Sunday, October 10, 2010

Bocci

We took the bus number 31 to the end of the line.  It was going to be the 10 but we missed it.  So “cambiamo il programma”.  It took us to Grassina, a small suburb of Firenze where he wanted to see the cemetery.  He made me promise that I would bury him there.  But we were hungry when we got there and so ate pizza with anchovies and pasta with bacon and pecorino.  After lunch we walked back to the center to the “Casa del Popolo” the community center found is nearly every neighborhood.  These are often large and well equipped senior centers with a bar, a dance hall, game rooms, a garden with outside seating and lots of anziani.  At this hour of the day it was all men.
I said “where are all the women?”  He said “at home, cleaning, making lunch.”   Grrrr.  Typical Italian, women doing all the work.  We wandered around, peeking in the rooms, eventually out past two very busy card tables under the trees.  Beyond was a shed roofed open sided structure with a crowd of men at the sides watching a bocci ball game.  The ancient roof beams and weathered pillars covered a clean swept, slightly dished surface edged with wood and capped by troughs at each end. 

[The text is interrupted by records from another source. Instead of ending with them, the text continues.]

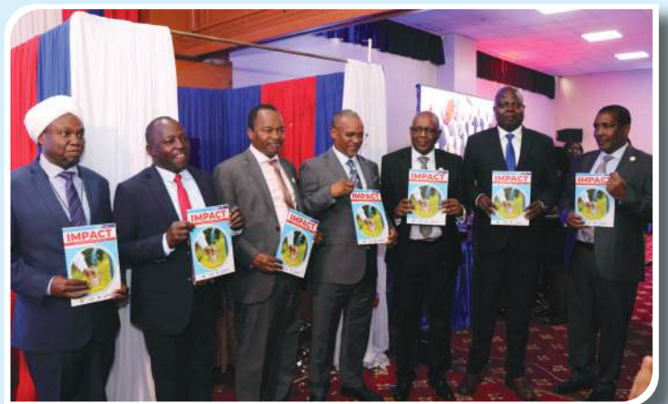
Guests during Impact 16 report launch

All Correspondence should be addressed to the Editor.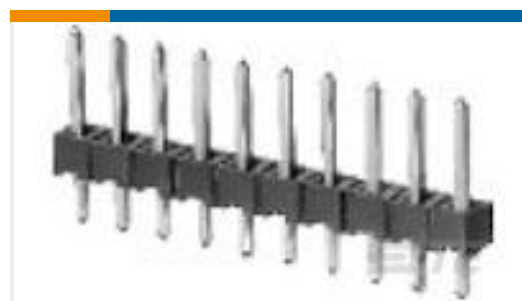
TE Part # 5-146285-2 02 MODII HDR SRST B/A .100CL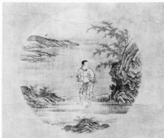
【第一 尋牛】 未熟な私に、「喜び」に満ちて真に「学ぶ」私(=牛)を尋ねる心が生まれ、私は旅立つ。

【第二 見跡】 牛の跡がやっと見つかる。先に牛が居るに違いない。が、時にはその跡さえ見失いがちだ。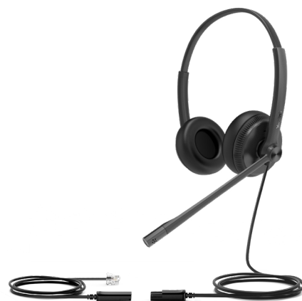
YHS34/YHS34 Lite Dual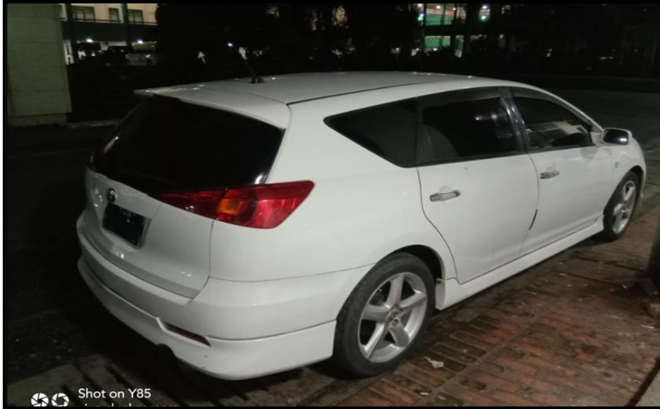
A vehicle used to transport robbed cash in bank robbery case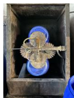
Reference: STV-007 WASHER FOR COLOUR CUBE Year: . Brand: Colombo Width: .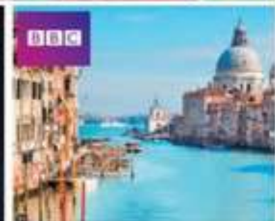
FRANCESCO'S VENICE p16

SPEAKING 1.1 Talk about names 1.2 Discuss the results of a personality test 1.3 Speculate about people based on their portraits 1.4 Describe a treasured possession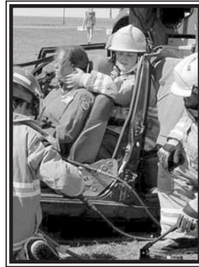
OBFB Firefighters work carefully to make sure their "patient" is secure to prevent further injury.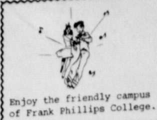
Enjoy the friendly campus of Frank Phillips College.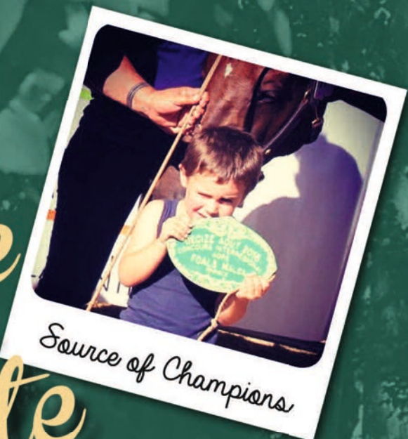
Source of Champions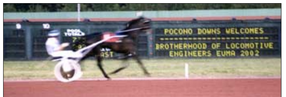
BLE members enjoyed a "Night at the Races" at the Pocono Downs racetrack.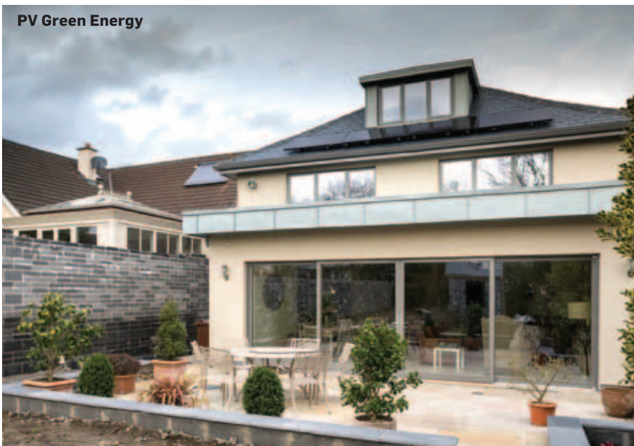
PV Green Energy

Home Show. Revenue.ie and the Construction Industry Federation will be on hand to offer advice on tax breaks, grants and how to find reliable builders and contractors.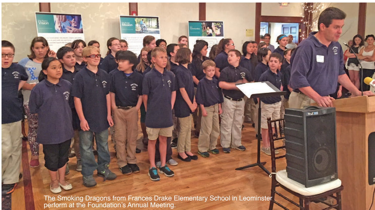
The Smoking Dragons from Frances Drake Elementary School in Leominster perform at the Foundation's Annual Meeting.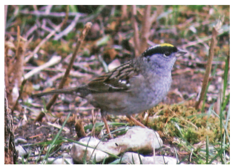
Figure 22. Golden-crowned Sparrow at West Bay, Manitoulin on 3-6 May 2010.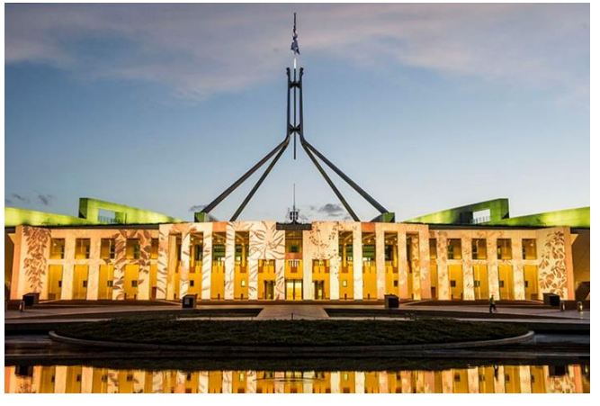
Parliament House during the Enlighten Festival, Courtesy Parliament of Australia photo gallery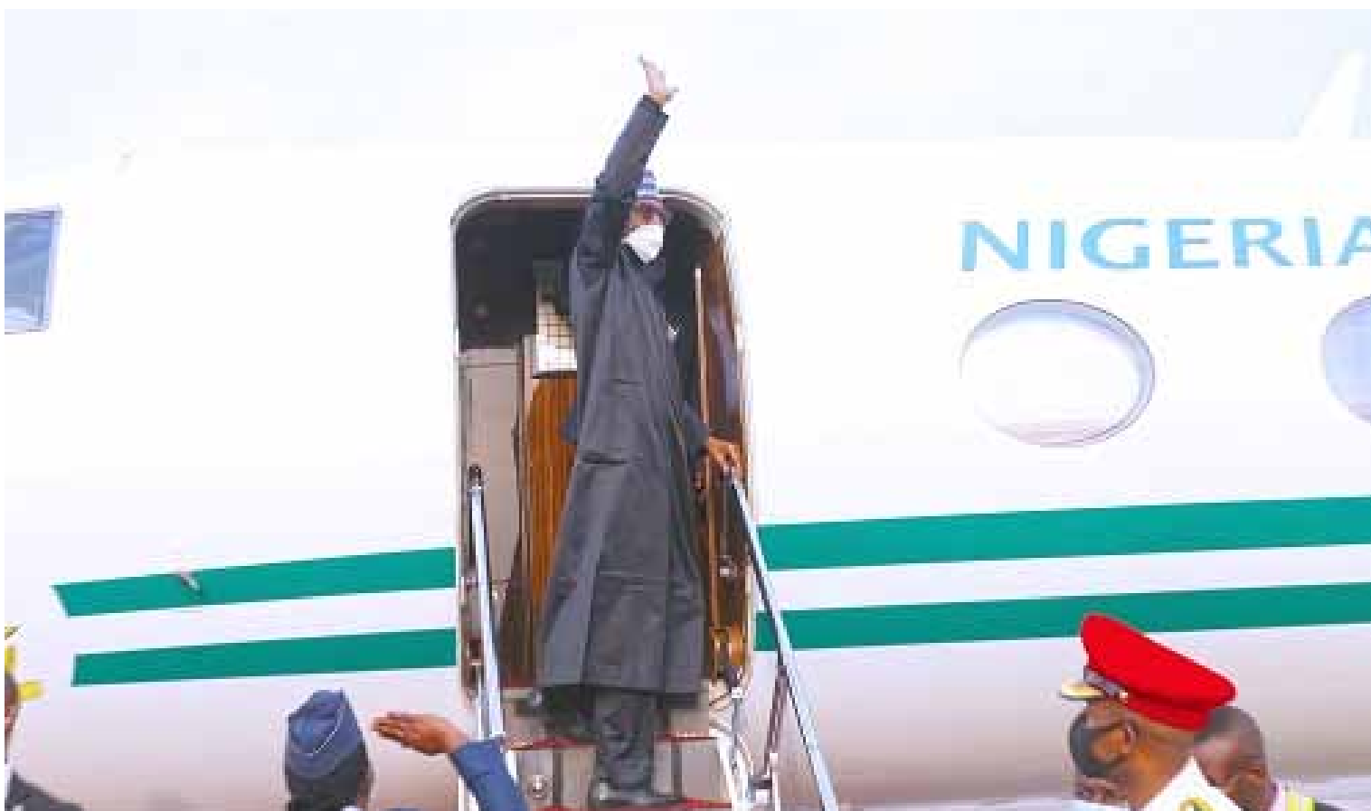
President Muhammadu Buhari off to Glasgow Scotland to attend global climate change summit.

IYC Fault FG Over N621bn Approved For NNPC To Construct 21 Federal Roads >>PAGE 9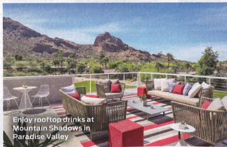
Enjoy rooftop drinks at Mountain Shadows in Paradise Valley

Elsewhere, nestled in Scottsdale's historic Arts District, the effortlessly cool Hotel Valley Ho would sit perfectly in an episode of Mad Men . The 193-room '50s hotel boasts an illustrious guest book including Marilyn Monroe, Bing Crosby, Zsa Zsa Gabor and, more recently, Drake, Hugh Jackman and Katy Perry. Our modern Tower Suite featured a kitchen, walk-in wardrobe and views of Camelback Mountain. OK! loved the martini olive-shaped pool and chill-out tunes from the resident DJ.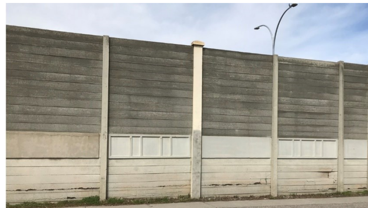
14 St SW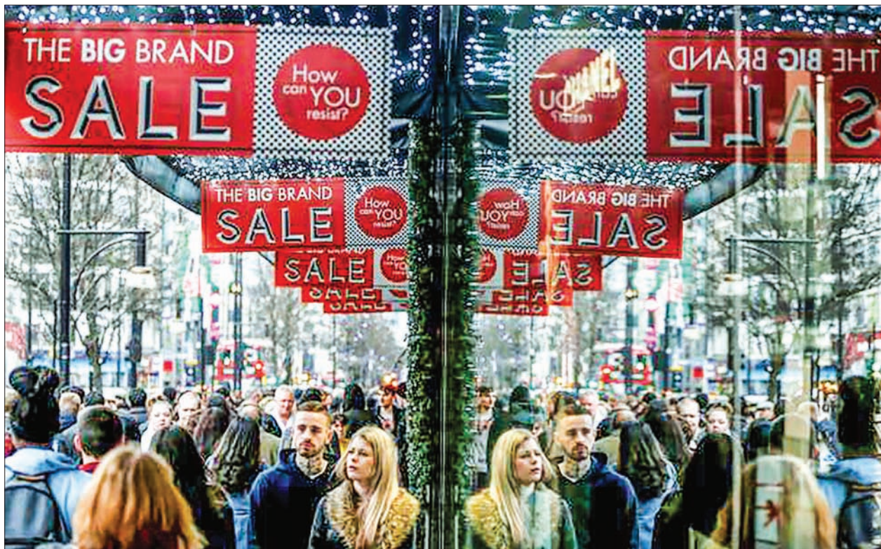
Shoppers are reflected in a store window as they pass sales advertisements on Oxford Street in London, Britain, in 2015.

Britain's shock vote on 23 June to exit the European Union has sent jitters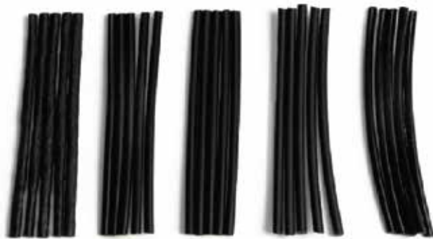
Plastic Welding Rods (25 per pack)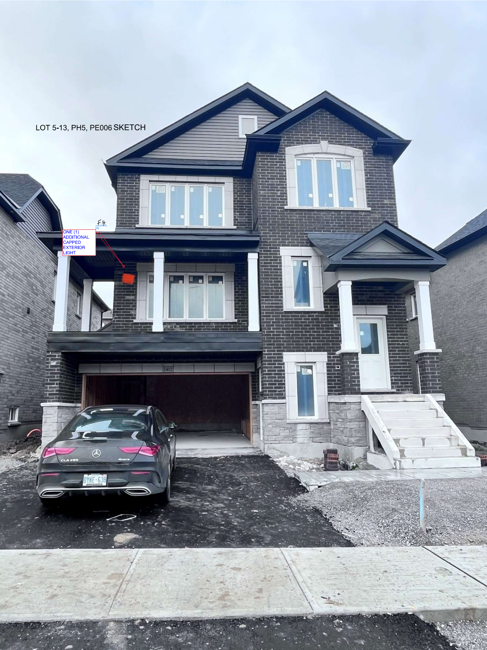
LOT 5-13, PH5, PE006 SKETCH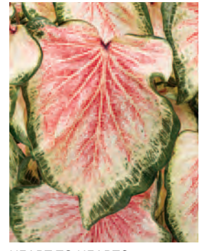
HEART TO HEART® 'Bold 'N Beautiful' Caladium hortulanum USPP30696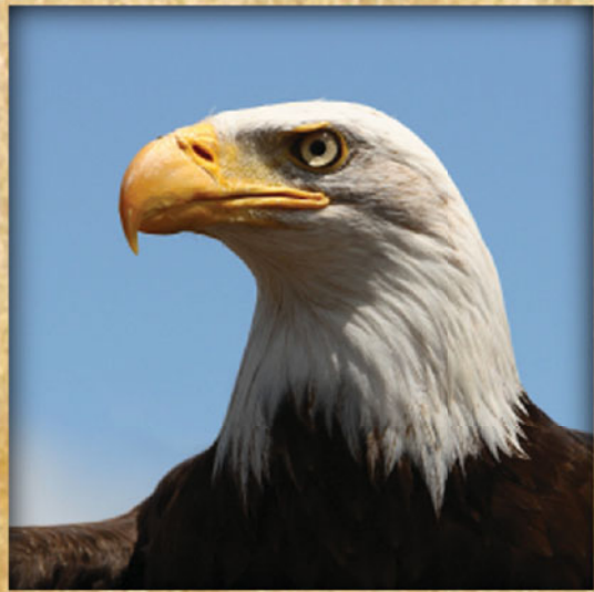
Bald Eagle Haliaeetus leucocephalus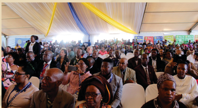
The Community of Mount Fletcher listen attentively during the official opening of the Police Station.

"Do not set alight this Police Station because you will never get another one. This is your Police Station, safeguard it and let it be a community owned Police Station. The 15 police officers and the Station Commander are here to serve the community due to the clarion call of "Thuma Mina" concept of the President Cyril Ramaphosa of South Africa. We issued them with new vehicles as tools of trade, 4X 4 vehicles will be brought here as well to suit the terrain of this area. A victim centre has been set aside to cater for the needs of women and children. The Farmers Association in the area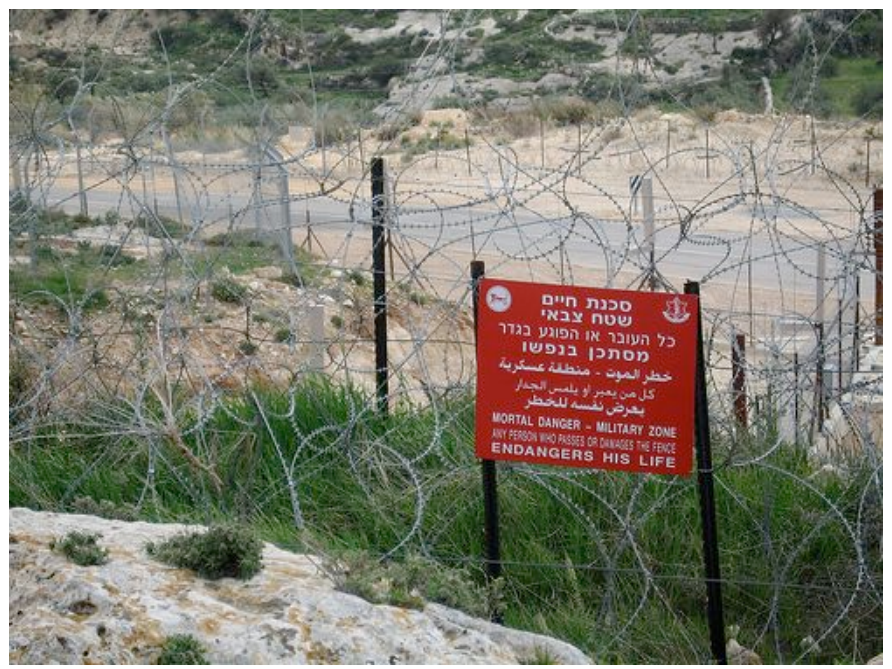
(Warning sign in front of the security barrier in Bethlehem)

From there we drove through Arab East Jerusalem and into Abu Dis, where the security barrier, here very much a wall, is simply a fact of the life. We viewed one incomplete section, where apparently thousands of Palestinian workers and students jump over a low-lying section of the wall every day. There was another section of the barrier, also still unfinished, which we could see was going to go directly between two homes. Apparently, one home had successfully petitioned to be on the Israeli side of the barrier, and the other had not. Graffiti on the barrier read, "Not for another Wailing Wall."

We sat to watch just as one of the teams of four rolled a ball to within 4 or 5 inches of the target, a pink rubber sphere the size of a golf ball.  Two balls seemed to be the same distance from the target so a measurement was required.  A stalk from a broom was cut to fit the space and used to determine the winner.  The winner collected several coins.  A toss of the target and they began again. These vigorous old guys, short, mustachioed, all in jeans, windbreaker vests and athletic shoes, were able to roll the most amazing curves, esses and arcs that stopped on a dime, or straight shots with deadly accuracy, or throws that rolled up the side inclines, circled through the other balls to land practically on top of the target.  Incredible.  Only the 8 were playing.  Another 15 or so watched and chatted and commented.  We sat outside the shed on a bench under the trees.  The language was a dialect that Salvatore didn’t recognize.  The fall day was cool but sunny, the shouts of a football game and the gurgle of the river nearby;   the chatter and laughter of the men a rolling, bubbling comfort.